- EXERCISE PROMPT: Starting at the line that contains "Israel.., 1955 to", transcribe each line exactly through the end of the data below, and skip any pictures.

Extracted data entries:
Segment Open
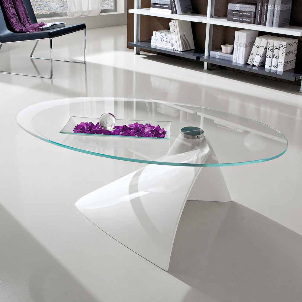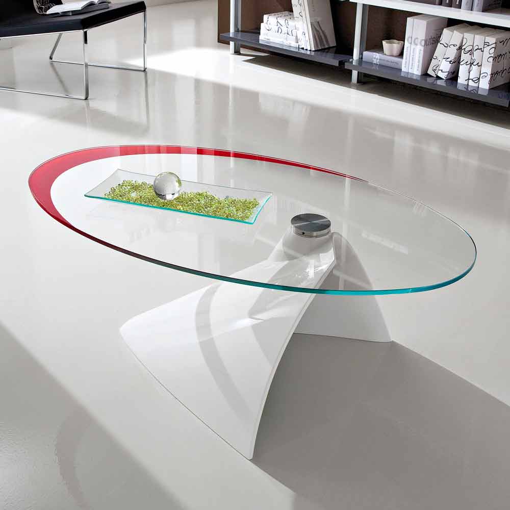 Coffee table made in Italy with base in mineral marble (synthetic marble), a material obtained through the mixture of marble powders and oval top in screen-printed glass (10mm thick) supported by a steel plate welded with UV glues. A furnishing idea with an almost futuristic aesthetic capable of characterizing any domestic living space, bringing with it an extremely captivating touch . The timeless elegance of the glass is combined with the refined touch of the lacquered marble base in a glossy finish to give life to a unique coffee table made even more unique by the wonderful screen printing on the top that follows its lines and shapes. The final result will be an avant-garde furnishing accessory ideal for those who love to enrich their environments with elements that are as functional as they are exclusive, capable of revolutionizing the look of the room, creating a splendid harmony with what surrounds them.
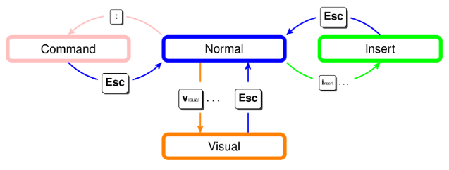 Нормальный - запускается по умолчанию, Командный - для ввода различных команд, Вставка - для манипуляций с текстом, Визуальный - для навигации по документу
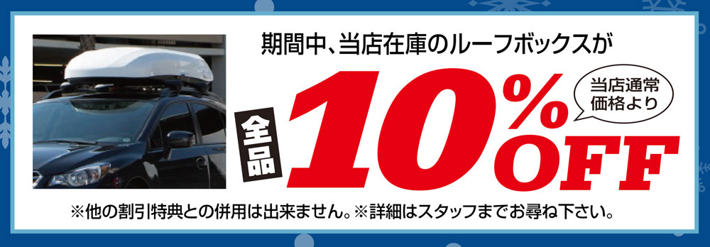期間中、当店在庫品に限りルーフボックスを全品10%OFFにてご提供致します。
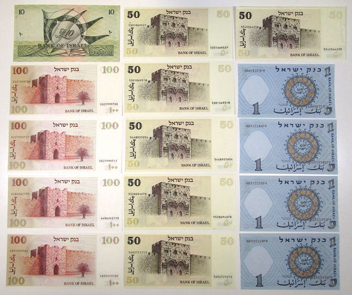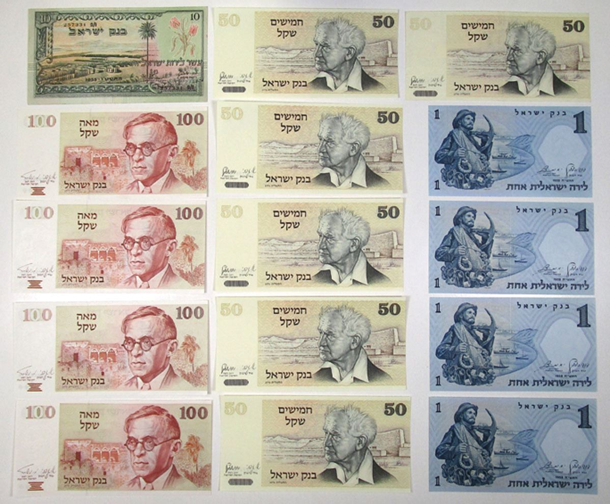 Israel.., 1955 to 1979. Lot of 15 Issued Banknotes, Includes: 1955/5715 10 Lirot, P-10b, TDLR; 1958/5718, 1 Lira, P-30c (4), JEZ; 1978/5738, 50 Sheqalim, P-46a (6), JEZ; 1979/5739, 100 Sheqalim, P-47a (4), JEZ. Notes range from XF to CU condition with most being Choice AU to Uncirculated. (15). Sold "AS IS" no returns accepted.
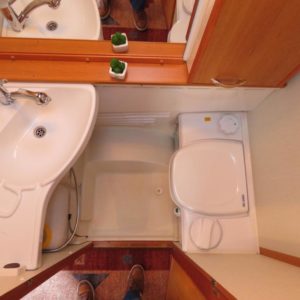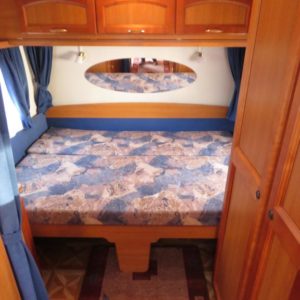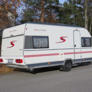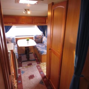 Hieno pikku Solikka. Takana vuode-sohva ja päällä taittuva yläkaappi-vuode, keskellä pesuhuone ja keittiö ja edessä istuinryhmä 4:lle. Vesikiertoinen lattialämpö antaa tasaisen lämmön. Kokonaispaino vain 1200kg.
Segment Closed
- SOLUTION FOR THIS EXERCISE:
 Israel.., 1955 to 1979. Lot of 15 Issued Banknotes, Includes: 1955/5715 10 Lirot, P-10b, TDLR; 1958/5718, 1 Lira, P-30c (4), JEZ; 1978/5738, 50 Sheqalim, P-46a (6), JEZ; 1979/5739, 100 Sheqalim, P-47a (4), JEZ. Notes range from XF to CU condition with most being Choice AU to Uncirculated. (15). Sold "AS IS" no returns accepted.
 Hieno pikku Solikka. Takana vuode-sohva ja päällä taittuva yläkaappi-vuode, keskellä pesuhuone ja keittiö ja edessä istuinryhmä 4:lle. Vesikiertoinen lattialämpö antaa tasaisen lämmön. Kokonaispaino vain 1200kg.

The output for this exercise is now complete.